The sun rises over the California Public Employees Retirement System building in Sacramento, California, on Tuesday, Sept. 6, 2022. (Photo by The Associated Press/Rich Pedroncelli)
CalPERS recently announced its intention to vote against all 12 Exxon directors and CEO Darren Woods at the oil company’s shareholder meeting next Wednesday for attempting to “silence” shareholders. The move comes as the company has taken two ESG activists to court for putting forward tough climate change action plans. Unfortunately, the decision is just another political ploy by CalPERS, which has a history of using state retirees’ pensions to score political points rather than focusing on ensuring state employee benefits.
CalPERS criticized Exxon for filing suit in federal court instead of seeking approval from the Securities and Exchange Commission (SEC) to remove from the annual meeting a proposal intended to “downsize” the company, which would ultimately harm shareholders.
CalPERS argued in its statement that the SEC is a fair forum, but neglected to mention that the SEC has done everything in its power to allow frivolous shareholder proposals to appear on companies’ proxy ballots. Since the Biden Administration took office, SEC Chairman Gary Gensler has pursued rules and policies that make it easier for activists to submit shareholder proposals to advance their ideological agenda, rather than providing a forum for shareholders to propose ideas that will increase shareholder value.
Specifically, in 2021, the SEC changed its policy governing which shareholder proposals it allows on corporate ballots to explicitly allow proposals that address issues with “broad societal significance.” Previously, the SEC only allowed these types of proposals if the issue in question directly related to the target company, and placed further limitations on how prescriptive a shareholder proposal could be to ensure that management had the discretion to implement business strategy.
Since the change, an unprecedented number of proposals dealing with progressive political causes like climate, diversity, equity and inclusion have been put to the ballot and consistently rejected by shareholders.
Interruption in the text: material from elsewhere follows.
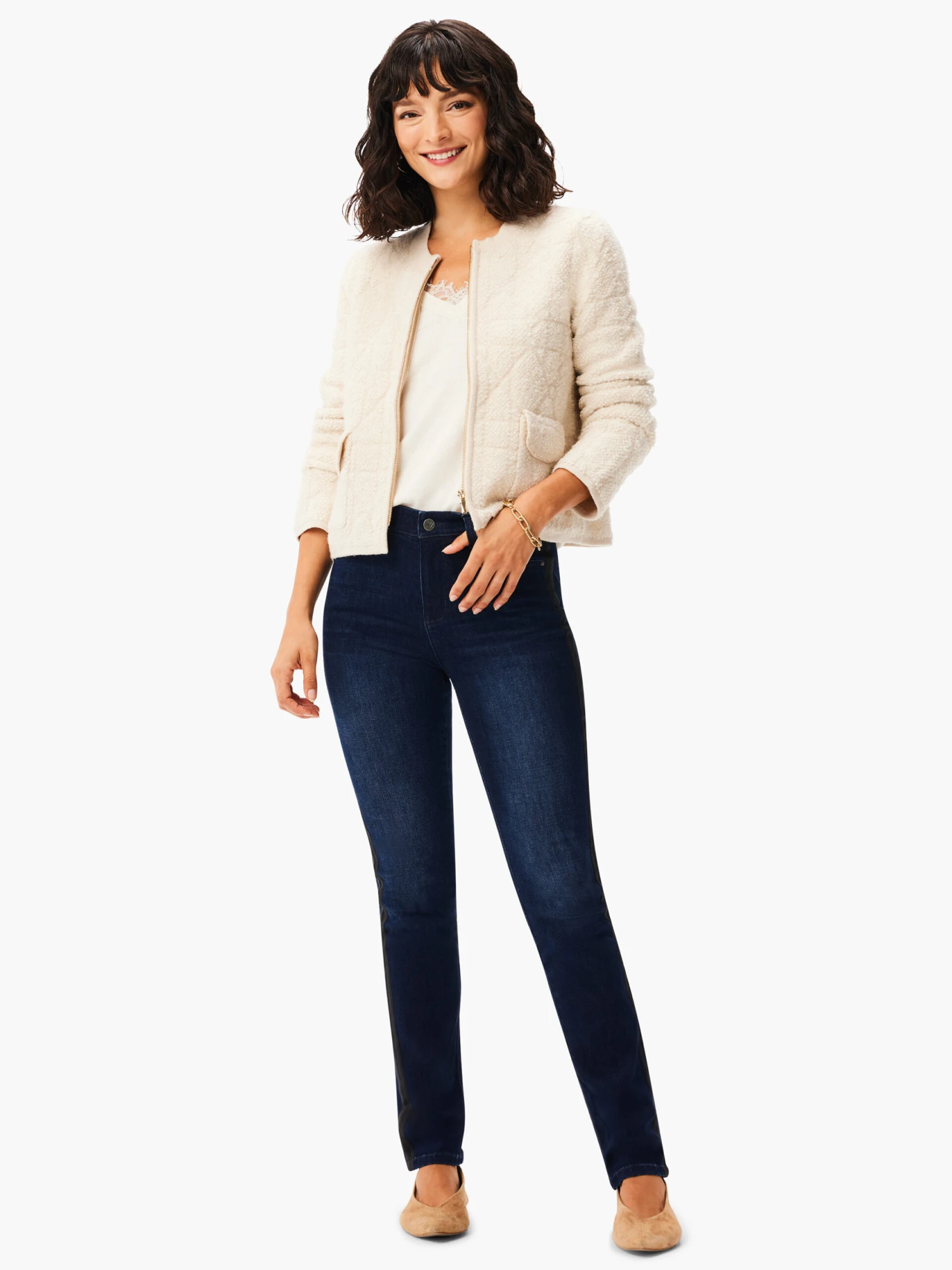 Looking for something that’s all the way cozy and will add a little shine through the darkest months of the year. We’ve got you. Made from our ultra cozy Sherpa Sweater Knit, this front zip cardigan is an elevated layer that does more than insulate; it elevates. With a regular fit and round neck plus a hem that ends at the hip.

Last year, the change led ESG advocate BlackRock to say that it would result in lower quality shareholder proposals and fewer proposals supported by asset managers, as many of the proposals were too prescriptive despite generally supporting the environmental and social goals they addressed.
In light of these circumstances, Exxon has decided to ask the court to interpret the SEC’s shareholder proposal rules to provide a more unbiased review. Given the ever-changing interpretation of the SEC’s shareholder proposal rules and the increasingly politicized nature of proposals, judicial review is desperately needed. If successful, Exxon would greatly benefit not only its own shareholders, but all public company shareholders.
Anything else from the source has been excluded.